In You Hurt My Feelings, writer Beth (Louis-Dreyfus) has been working for years on a novel, the follow-up to her memoir, while teaching a group of would-be authors. Her therapist husband Don (Tobias Menzies) is a constant support, reading her numerous drafts and giving her endless encouragement. So she can’t believe her ears when she overhears him admit to her brother-in-law Mark (Arian Moayed) that he actually doesn’t like her new book. It feels like a betrayal of their committed, loving marriage. At the same time, Don is having a hard time at work as he starts to lose interest in his patients’ issues – and they’ve started to notice.

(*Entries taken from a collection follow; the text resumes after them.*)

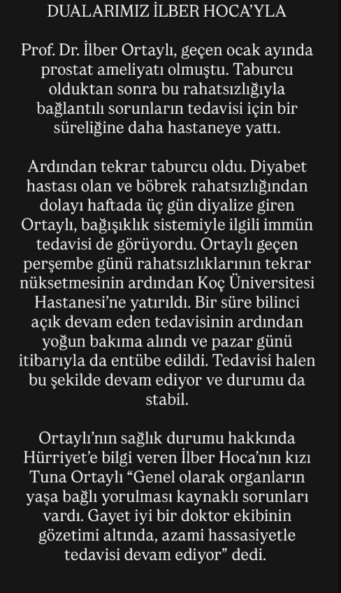 "Prof. Dr. İlber Ortaylı, geçen ocak ayında prostat ameliyatı olmuştu. Taburcu olduktan sonra bu rahatsızlığıyla bağlantılı sorunların tedavisi için bir süreliğine daha hastaneye yattı.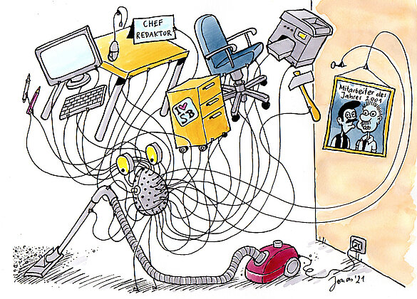 Wie wäre es mit einem «Haushaltsgerät», das immer aufräumt? In seiner Bilderbuchgeschichte «Kosmos räumt alles auf» malt sich Comiczeichner… -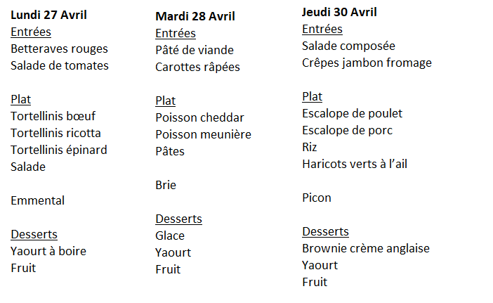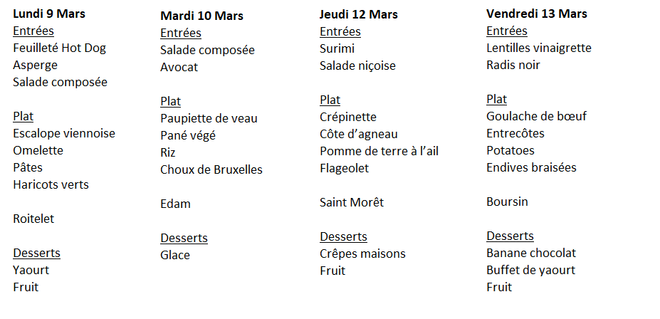 Menu de la restauration scolaire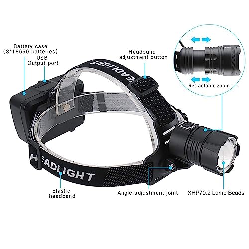 Lampada Frontale LED XHP70, 20000 Lumen Super Luminosa Lampade da Testa 3 Modalità IPX4 Impermeabile Torcia Lampada USB Ricaricabile per Campeggio, Equitazione, Corsa, Pesca, Riparazione Auto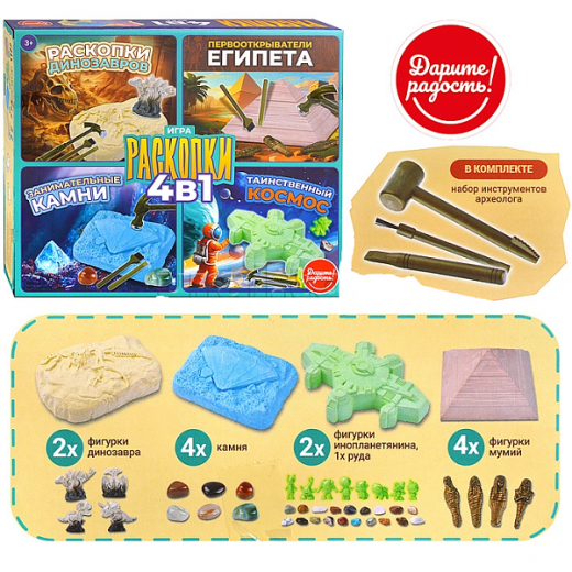 Купить Набор 4 в 1 Раскопки в Новосибирске Вы можете в магазине настольных и развивающих игр "Игры Почемучек"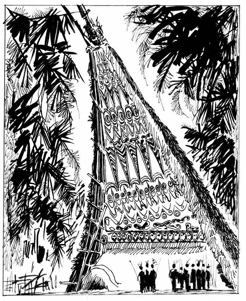 Angenommen die von ihm entworfene Südseekulisse ist authentisch und nicht ein künstliches Amalgam von Versatzstücken unterschiedlicher Südseekulturen wäre er in den 1950er oder 1960er Jahren vor Ort überhaupt auf einheimische Gemeinschaften mit einer ursprünglichen materiellen Kultur, wie er sie in der Südseeballade zeigt, gestoßen?

Holofcener presents us with her customary group of imperfect characters – Beth admits she lives in a “small, narcissistic world” – with their insecurities and, yes, narcissism and takes huge pleasure in poking fun at them, sometimes gentle, sometimes barbed. Either way, it’s witty and full of moments that will make you smile at the very least, and more often than not laugh out loud. When it comes to getting that reaction, the cast and script come together beautifully. But there’s something fundamentally missing from the film that makes the laughter a touch hollow.

At the heart of it is a very small idea, one that in the context of Beth and Don’s marriage – or any other relationship – is minor and really not substantial enough to sustain a full length feature. So Holofcener has piled on the sub-plots, firstly the one about Don’s work problems and what could be loosely described as a mid-life crisis and then a second about their son Eliot (Owen Teague, also at Sundance in Eileen), the break-up of his relationship and his own writing efforts. It’s actually Don’s story which is genuinely interesting: those patients of his that we see are mini highlights in their own right and he’s reached a stage in his life that has a genuine ring of truth about it. There’s potential for his narrative to expand further but sadly we’re not taken there.

With his tired eyes, Menzies is an excellent counterpoint to the more temperamental Louis-Dreyfus, but the stand-out performance comes from Michaela Watkins as Beth’s sister Sara. A interior designer with clients as problematic as the ones going to Don for therapy, she manages to navigate marriage almost effortlessly. Together, they all make for a near-perfect comedy cast. If only they’d been blessed with a script with as much substance as style.

★★★

Comedy | Sundance Film Festival, premiered on 23 January 2023 | Dir. Nicole Holofcener | Julia Louis-Dreyfus, Tobias Menzies, Michaela Watkins, Owen Teague, Arian Moayed.